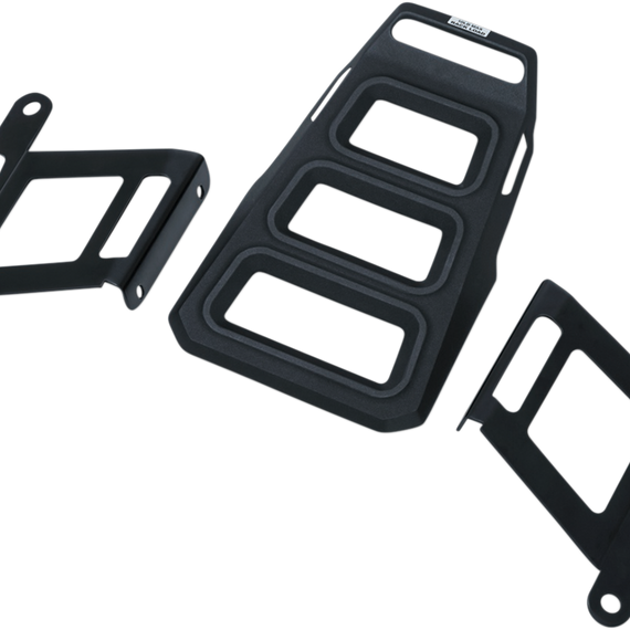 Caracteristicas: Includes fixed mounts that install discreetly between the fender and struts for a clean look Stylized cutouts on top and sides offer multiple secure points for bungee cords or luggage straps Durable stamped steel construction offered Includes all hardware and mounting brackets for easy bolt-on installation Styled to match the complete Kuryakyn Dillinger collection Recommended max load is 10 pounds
--
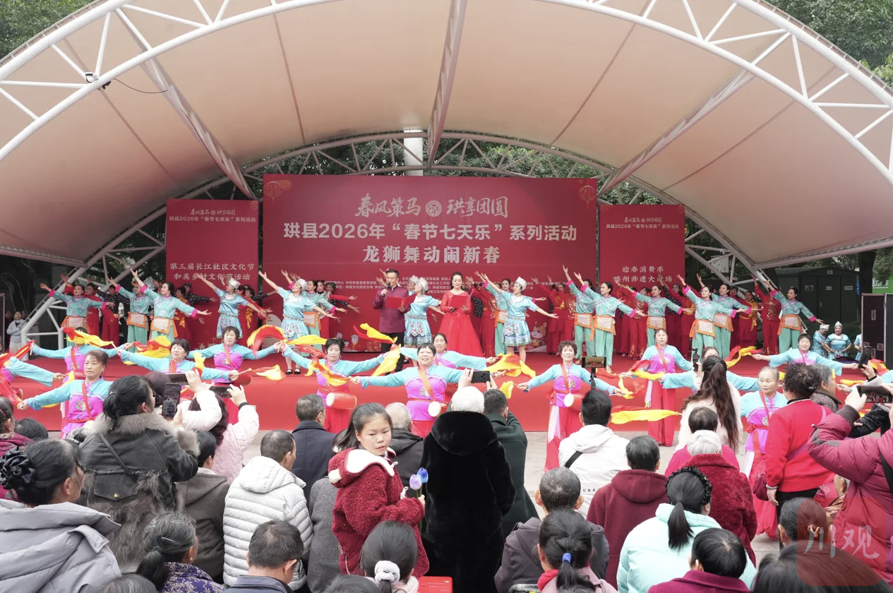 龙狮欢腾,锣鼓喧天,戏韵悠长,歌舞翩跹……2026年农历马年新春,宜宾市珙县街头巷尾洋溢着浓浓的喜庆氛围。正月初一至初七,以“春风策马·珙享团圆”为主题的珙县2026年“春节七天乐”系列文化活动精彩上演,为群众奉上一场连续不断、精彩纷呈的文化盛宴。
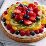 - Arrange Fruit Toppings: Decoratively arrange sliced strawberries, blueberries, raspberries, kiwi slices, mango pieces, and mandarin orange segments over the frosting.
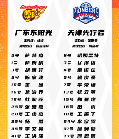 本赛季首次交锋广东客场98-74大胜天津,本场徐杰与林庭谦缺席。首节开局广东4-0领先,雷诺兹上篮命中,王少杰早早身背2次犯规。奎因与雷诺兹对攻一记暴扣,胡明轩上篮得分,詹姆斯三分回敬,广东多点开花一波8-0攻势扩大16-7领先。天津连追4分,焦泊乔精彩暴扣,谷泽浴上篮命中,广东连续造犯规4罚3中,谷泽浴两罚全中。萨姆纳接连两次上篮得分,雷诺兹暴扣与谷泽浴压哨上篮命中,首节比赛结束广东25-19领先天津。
...
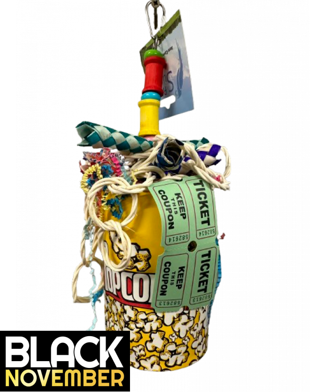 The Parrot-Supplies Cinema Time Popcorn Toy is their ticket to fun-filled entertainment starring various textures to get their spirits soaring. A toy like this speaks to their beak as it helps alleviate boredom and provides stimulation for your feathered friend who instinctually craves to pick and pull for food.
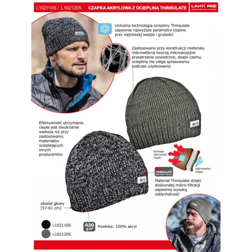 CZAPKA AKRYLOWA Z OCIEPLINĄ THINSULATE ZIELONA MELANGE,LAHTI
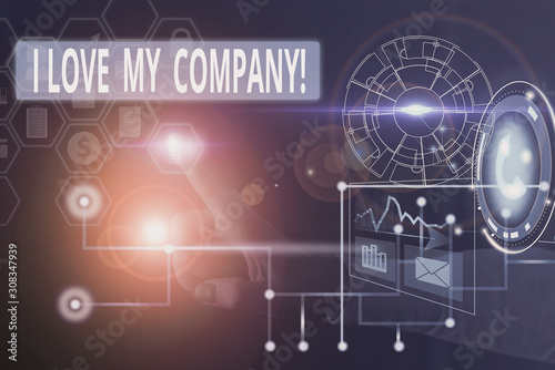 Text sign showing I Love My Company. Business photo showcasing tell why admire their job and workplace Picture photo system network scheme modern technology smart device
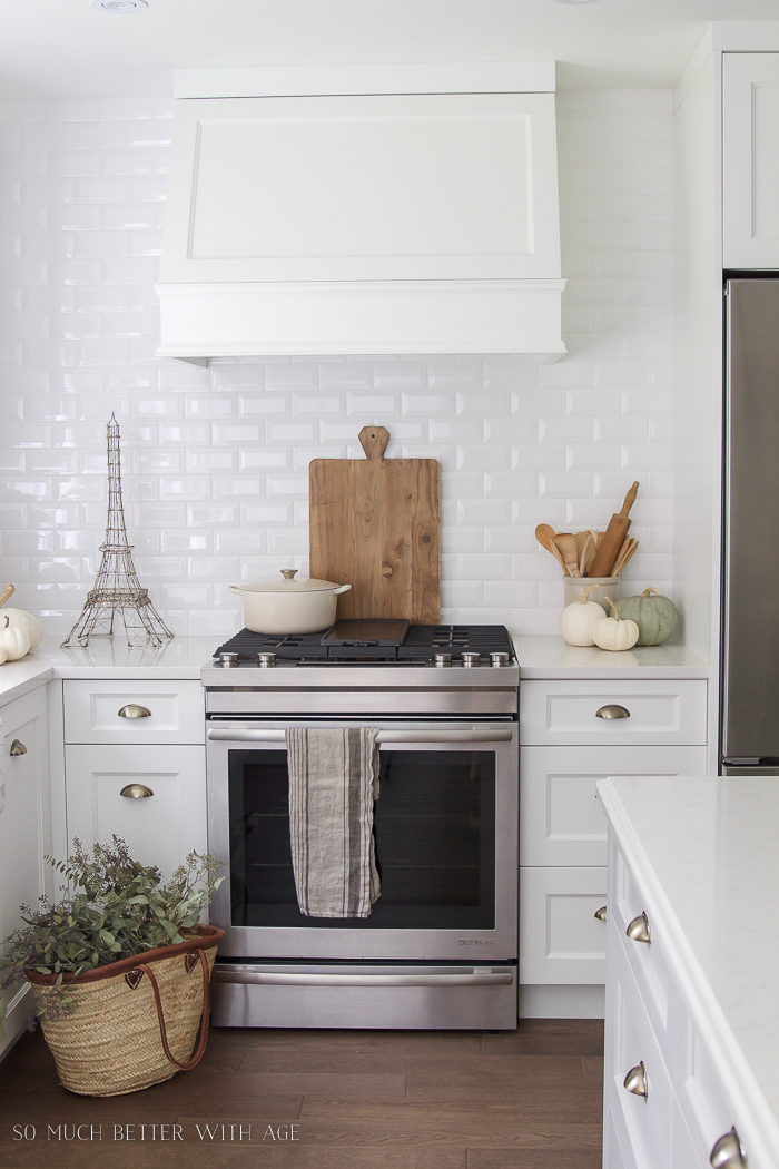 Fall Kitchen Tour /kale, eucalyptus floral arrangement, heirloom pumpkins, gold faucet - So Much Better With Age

## Requirement
Would you transcribe the lines above exactly, going from the line bearing "龙狮欢腾,锣鼓喧天,戏韵悠长" through the line bearing "本赛季首次交锋广东客场98-74大胜天津", and drop the pictures from the copy?

## Written solution
 龙狮欢腾,锣鼓喧天,戏韵悠长,歌舞翩跹……2026年农历马年新春,宜宾市珙县街头巷尾洋溢着浓浓的喜庆氛围。正月初一至初七,以“春风策马·珙享团圆”为主题的珙县2026年“春节七天乐”系列文化活动精彩上演,为群众奉上一场连续不断、精彩纷呈的文化盛宴。
 - Arrange Fruit Toppings: Decoratively arrange sliced strawberries, blueberries, raspberries, kiwi slices, mango pieces, and mandarin orange segments over the frosting.
 本赛季首次交锋广东客场98-74大胜天津,本场徐杰与林庭谦缺席。首节开局广东4-0领先,雷诺兹上篮命中,王少杰早早身背2次犯规。奎因与雷诺兹对攻一记暴扣,胡明轩上篮得分,詹姆斯三分回敬,广东多点开花一波8-0攻势扩大16-7领先。天津连追4分,焦泊乔精彩暴扣,谷泽浴上篮命中,广东连续造犯规4罚3中,谷泽浴两罚全中。萨姆纳接连两次上篮得分,雷诺兹暴扣与谷泽浴压哨上篮命中,首节比赛结束广东25-19领先天津。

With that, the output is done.